→ **Action item**: Given the entries that follow, write out exactly the lines starting at the one containing "Cute girl with" and ending at the one containing "The cellar consists", both ends included, and only those.

→ **Records supplied**:
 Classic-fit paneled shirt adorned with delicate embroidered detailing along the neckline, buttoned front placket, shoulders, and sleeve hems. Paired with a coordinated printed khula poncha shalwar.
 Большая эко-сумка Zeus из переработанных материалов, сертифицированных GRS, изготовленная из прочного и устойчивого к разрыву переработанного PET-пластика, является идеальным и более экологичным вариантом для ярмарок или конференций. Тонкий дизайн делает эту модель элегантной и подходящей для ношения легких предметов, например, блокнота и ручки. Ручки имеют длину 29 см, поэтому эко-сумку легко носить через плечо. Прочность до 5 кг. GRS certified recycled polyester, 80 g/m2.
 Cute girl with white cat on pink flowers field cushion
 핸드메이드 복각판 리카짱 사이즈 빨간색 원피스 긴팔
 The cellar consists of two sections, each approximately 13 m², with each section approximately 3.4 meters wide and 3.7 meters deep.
==
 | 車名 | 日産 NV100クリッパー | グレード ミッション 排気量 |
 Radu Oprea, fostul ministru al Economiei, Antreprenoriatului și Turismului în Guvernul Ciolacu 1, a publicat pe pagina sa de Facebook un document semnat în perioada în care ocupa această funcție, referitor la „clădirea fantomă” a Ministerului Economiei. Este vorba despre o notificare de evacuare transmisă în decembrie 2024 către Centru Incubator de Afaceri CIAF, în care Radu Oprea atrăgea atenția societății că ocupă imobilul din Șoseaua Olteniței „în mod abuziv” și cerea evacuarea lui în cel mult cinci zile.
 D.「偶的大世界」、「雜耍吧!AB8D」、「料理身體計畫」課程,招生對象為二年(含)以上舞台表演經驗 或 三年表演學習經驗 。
...
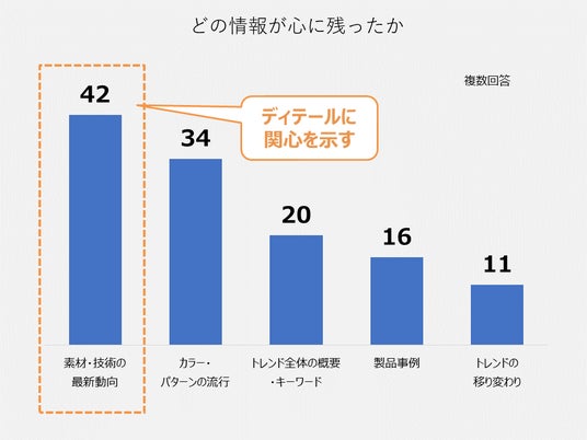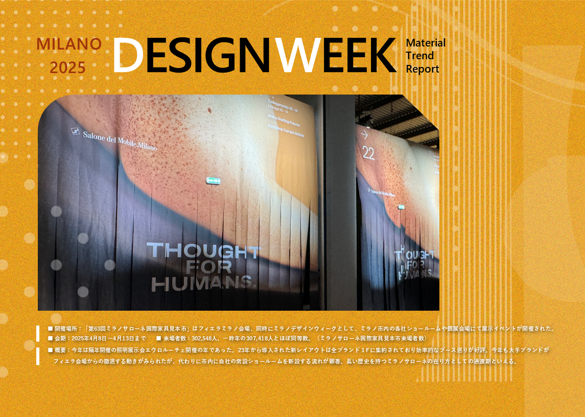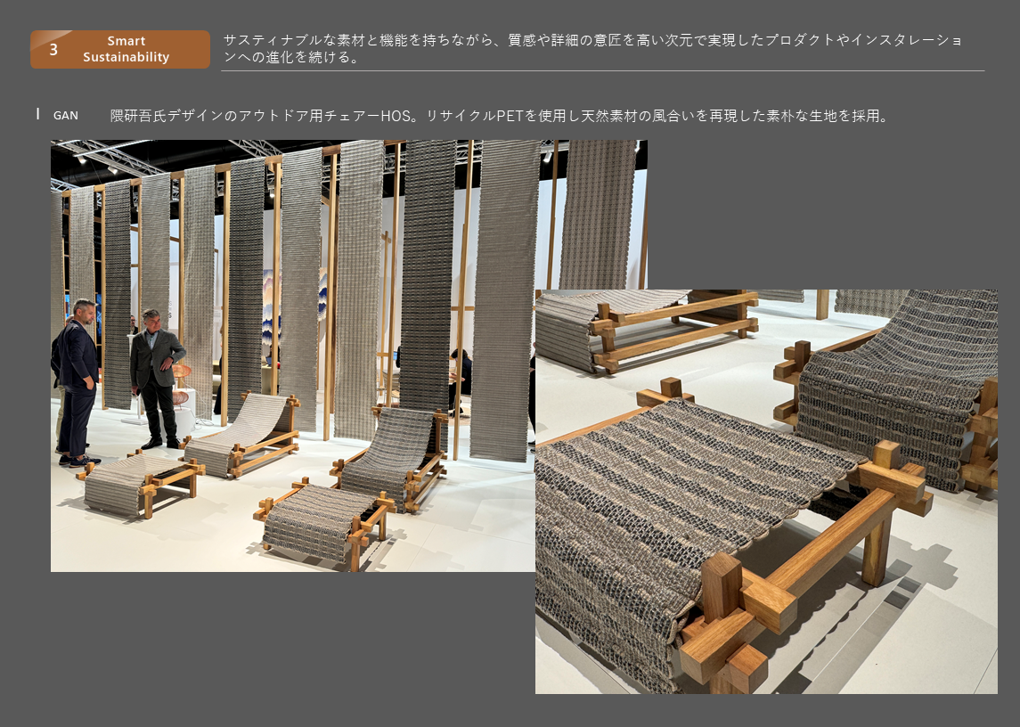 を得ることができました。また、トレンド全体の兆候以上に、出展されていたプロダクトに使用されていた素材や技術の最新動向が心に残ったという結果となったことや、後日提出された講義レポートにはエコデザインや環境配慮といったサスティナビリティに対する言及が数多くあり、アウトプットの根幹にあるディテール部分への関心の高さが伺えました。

→ **Response to the task**:
 Cute girl with white cat on pink flowers field cushion
 핸드메이드 복각판 리카짱 사이즈 빨간색 원피스 긴팔
 The cellar consists of two sections, each approximately 13 m², with each section approximately 3.4 meters wide and 3.7 meters deep.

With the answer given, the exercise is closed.